The Cryosphere (Aug 2022)
Evaporation over a glacial lake in Antarctica
Abstract
The study provides estimates of summertime evaporation over a glacial lake located in the Schirmacher oasis, Dronning Maud Land, East Antarctica. Lake Zub (alternately named Lake Priyadarshini and referred to throughout as Lake Zub/Priyadarshini) is the second-largest lake in the oasis, and its maximum depth is 6 m. The lake is also among the warmest glacial lakes in the oasis, and it is free of ice during almost 2 summer months. The summertime evaporation over the ice-free lake was measured using the eddy covariance method and estimated on the basis of five indirect methods (bulk-aerodynamic method and four combination equations). We used meteorological and hydrological measurements collected during a field experiment carried out in 2018. The eddy covariance method was considered the most accurate, and the evaporation was estimated to be 114 mm for the period from 1 January to 7 February 2018 (38 d) on the basis of this method. The average daily evaporation was 3.0 mm d−1 in January 2018. During the experiment period, the largest changes in daily evaporation were driven by synoptic-scale atmospheric processes rather than local katabatic winds. The bulk-aerodynamic method suggests the average daily evaporation is 2.0 mm d−1, which is 32 % less than the results based on the eddy covariance method. The bulk-aerodynamic method is much better in producing the day-to-day variations in evaporation compared to the combination equations.

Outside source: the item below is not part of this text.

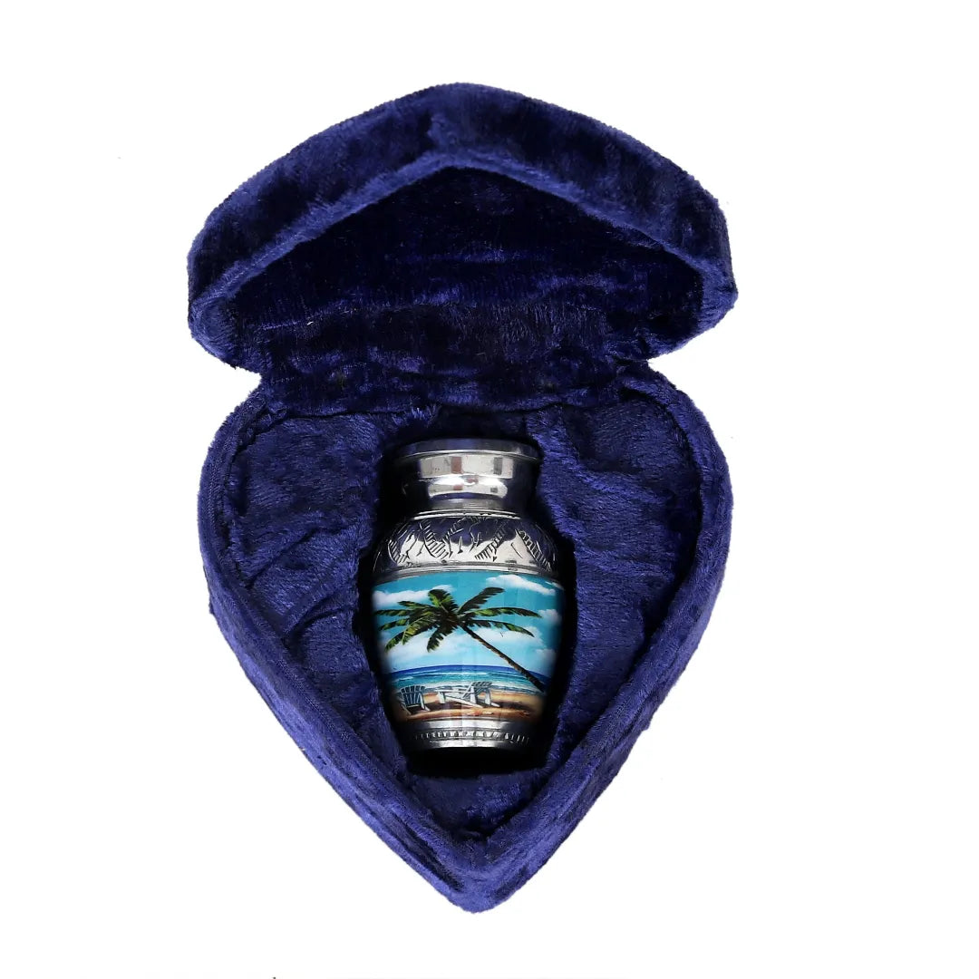 Honor your loved one with this beautifully handcrafted beach-themed cremation urn, designed to bring peace and comfort. The tranquil scene features palm trees, ocean waves, and a calming shoreline that evokes memories of serenity and joyful moments spent near the sea. Whether you're remembering a beloved family member or a cherished pet, this urn serves as a gentle, elegant tribute. Its detailed craftsmanship and soft color palette make it a fitting piece for any memorial setting, whether displayed at home, during a service, or placed in a columbarium.

All selected combination equations underestimated the evaporation over the lake by 40 %–72 %. The scope of the uncertainties inherent in the indirect methods does not allow us to apply them to estimate the daily evaporation over Lake Zub/Priyadarshini. We suggested a new combination equation to evaluate the summertime evaporation over the lake's surface using meteorological observations from the nearest site. The performance of the new equation is better than the performance of the indirect methods considered. With this equation, the evaporation over the period of the experiment was 124 mm, which is only 9 % larger than the result according to the eddy covariance method.